There’s been some interest, due to my accidental hi-jacking of **Umkay’s **“Ask The Girl in the Wheelchair” thread, about my Dad’s situation since he broke his neck last October. A few posters asked that I start a thread, and initially, I thought “No!” Not because I don’t want to share, just because I’m busy enough as it is. And I’m not on the Dope that much anymore, and even when I was, I was mostly a lurker. And, because I just don’t want to dwell. And because it would take days just to summarize the last 7 months.
There is no TL:DR version, so if you’re in, grab a beer.
I did decide to write about all of this because I realized that I really never talk about all this. Not much anyway, except for with my brother. It’s the life I chose, taking care of Pops, so I need to deal.

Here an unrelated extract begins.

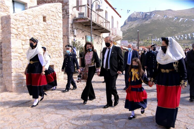 Την ίδια στιγμή στην Πελοπόνησσο, η κυρία Γιάννα Αγγελοπούλου-Δασκαλάκη, Πρόεδρος της Επιτροπής “Ελλάδα 2021”, πήρε μέρος σε εορταστικές εκδηλώσεις για την επέτειο του 1821, φορώντας κομμάτια τοπικής φορεσιάς, για να τιμήσει την συμβολή των Μανιατών στον Αγώνα για την Ελευθερία. Ηταν ένα μαύρο με χρυσό γιλέκο και ζώνη με κεντημένα μοτίβα και κρόσια από το Εθνογραφικό και Λαογραφικό Μουσείο Χρισσού και ένα πουκάμισο φτιαγμένο σε εργαστήριο ελληνικής παραδοσιακής φορεσιάς στον Πύργο Ηλείας. Στο χέρι της κρατούσε όχι μία από τις αναρίθμητες designer bags ξένων οίκων της συλλογής της, αλλά το αφιερωμένο στα 200 χρόνια της Εθνικής μας επετείου πουγκί με αναφορές στην στολή του εύζωνα, της ελληνικής εταιρείας πολυτελών αξεσουάρ, Callista Crafts -ένα κλείσιμο ματιού στις φασιονίστες που θα καταλάβουν. Το κάτω μέρος συμπλήρωναν σύγχρονα στοιχεία: μαύρο παντελόνι, στη flare γραμμή που προτιμά πάντα, ψηλοτάκουνες μαύρες μπότες και τα χαρακτηριστικά της μεγάλα μαργαριταρένια σκουλαρίκια. Το σύνολο το υποστήριζε άψογα η πάντα γυμνασμένη και λεπτή σιλουέτα της κυρίας Α.

So, I’ve decided I will talk about it here. In part because some of you have asked me to (and thanks for that), and in part because I probably ought to talk about it somewhere. They say you shouldn’t keep it all inside, right? This thread won’t be all about the Popsicle, though. What I need to talk about is how it’s affected me, selfish as that sounds, even as I type it. My boss and my lawyer have both suggested I “see someone,” just in the last week. Maybe I should. Or maybe, I’ll just type. All that being said, nowadays, his life and my life are intrinsically mixed anyway, so I suppose it will still be about him.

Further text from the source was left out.